Even if the Second Amendment did apply, Jackson continued, the early American laws that Hawaii offers meet the test outlined by the court in Bruen because they “demonstrate a tradition of state regulation within which Hawaii’s law fits comfortably. Like Hawaii’s,” Jackson said, “these laws required consent for armed entry onto private property open to the public. And like Hawaii’s, they did so to protect property owners’ rights and to prevent the harms that generally accompanied unauthorized armed entry onto private land.”
Jackson, who joined the court after its decision in Bruen, reiterated her view that the case “was wrongly decided.” But in any event, she said, “the Court has now manipulated Bruen into a free-for-all that lets the Judiciary thwart the will of legislatures by privileging access to firearms above all else. Today’s decision makes one thing clear: The Court’s objective is protecting guns, not consistently preserving any principle of law.”

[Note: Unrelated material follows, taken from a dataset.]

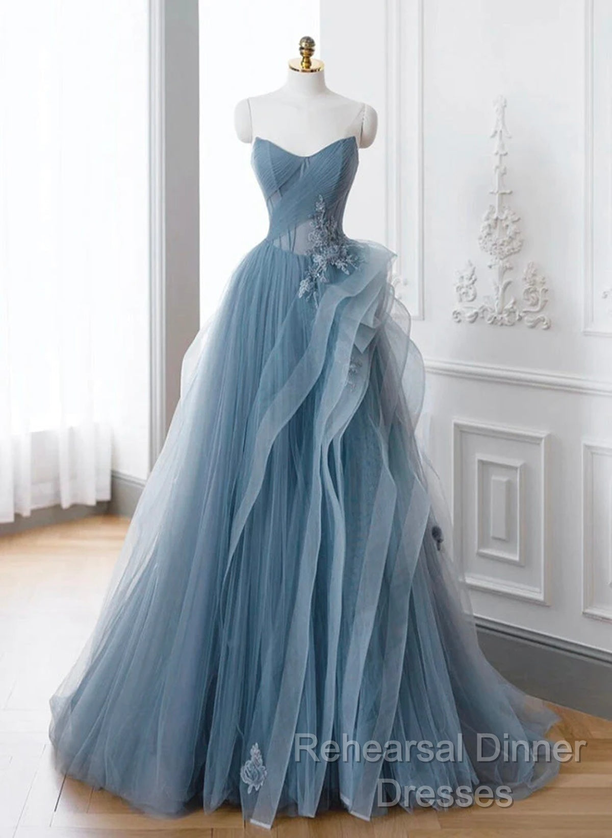 A-Line Blue Tulle Long Party Dress With Lace, Off Shoulder Tulle Semi Formal Prom Dress

Justice Amy Coney Barrett wrote a concurring opinion, joined in part by Justices Clarence Thomas and Neil Gorsuch, in which she pushed back against Jackson’s insistence that property law, rather than the Second Amendment, is at the core of the dispute. She contended that Jackson’s argument “misunderstands the role of historical evidence in a Second Amendment challenge.” For purposes of determining whether the Second Amendment is implicated at all, Barrett wrote, it does not matter “that a property owner has the right to exclude anyone who wishes to enter her property with firearms. No one doubts that all property owners in Hawaii could bar the carry of arms on their respective premises, if they wanted to.” But, Barrett continued, “the Second Amendment does not apply to private parties. It does apply to the States. And when a State enacts a property law that regulates arms-bearing conduct, that law implicates the Second Amendment.”
Justice Elena Kagan wrote a brief dissenting opinion of her own. In her view, the court could have upheld the Hawaii law “because … it is a modern-day analogue of colonial and founding era laws that similarly prohibited carrying firearms onto private property without the owner’s affirmative consent.”